1. Notice what your body is telling you.

“Sensations such as twinges, uneasiness and tension are indicators that you may not be thinking, acting or behaving in alignment with your authentic self, which is the source of all passion. When you sense constriction or discomfort stop and ask, “Why?” Let your intuition speak and decipher what you’re feeling. Follow your body’s cues. They will open the door to change.” —Mark Langford, career coach and author of Thank God It’s Wednesday!

[Related: 7 Signs Your Body Needs to Slooow Down]

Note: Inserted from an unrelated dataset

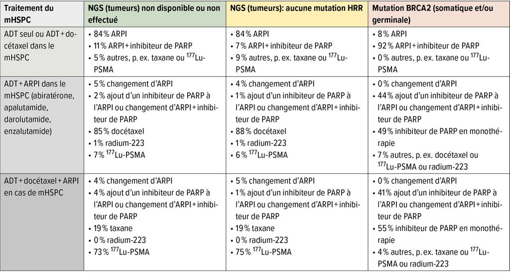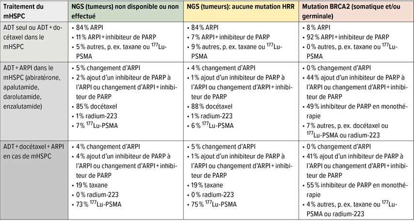 Le Tableau 1 résume les questions posées en rapport avec le traitement séquentiel. Sont concerné·es, d’une part, les patient·es pour lesquel·les aucun test moléculaire n’était disponible et, d’autre part, les patient·es pour lesquel·les le test a été réalisé et aucune mutation pertinente n’a été identifiée. En outre, les patient·es présentant une mutation pathogène du gène BRCA2 ont été interrogé·es.
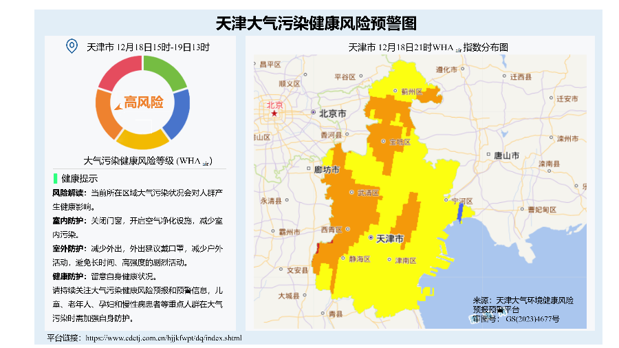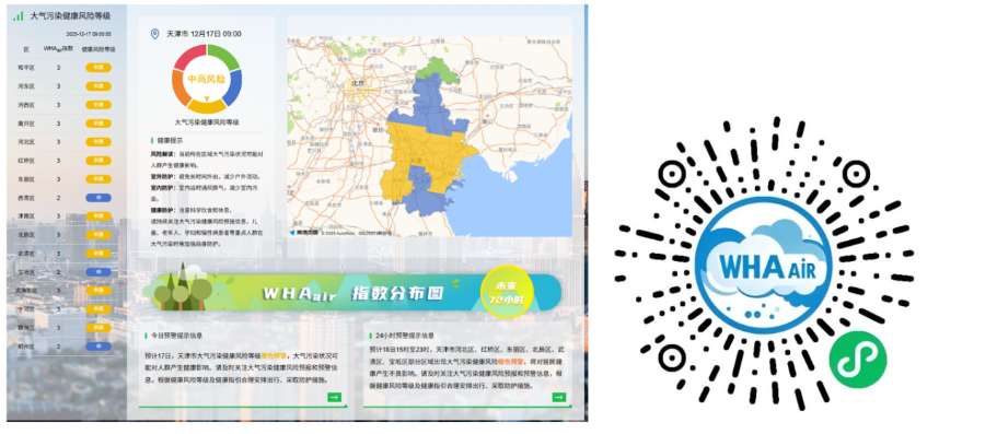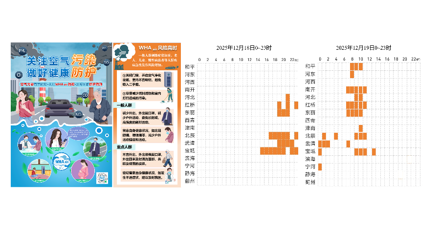 请公众及时关注预警信息变化。登陆天津大气环境健康风险预报预警平台获取详细预警信息,//m.teddywedding.com/hjjkfwpt/dq/index.shtml。使用大气环境健康风险预报(WHAair指数)小程序获取大气环境健康风险预警实时信息。

2. Find a mantra for yourself in 2016.

Here are 10 inspiring options from SHE Summit Founder Claudia Chan which are guaranteed to help you live your most optimal life.

[Related: 5 Toxic Habits to Drop in 2016]

3. Try new things!

“You could be amazing at so many things, but if you never try, you’ll never know. Do what you’ve never done before, especially if it scares you. It often reminds you of what a badass you actually are and how capable you are of growing and learning. Exploring what interests you could lead to something you never thought possible.” —Kelly Poulson, vice president of talent and operations at Allen & Gerritsen

4. Take inventory at the end of each day.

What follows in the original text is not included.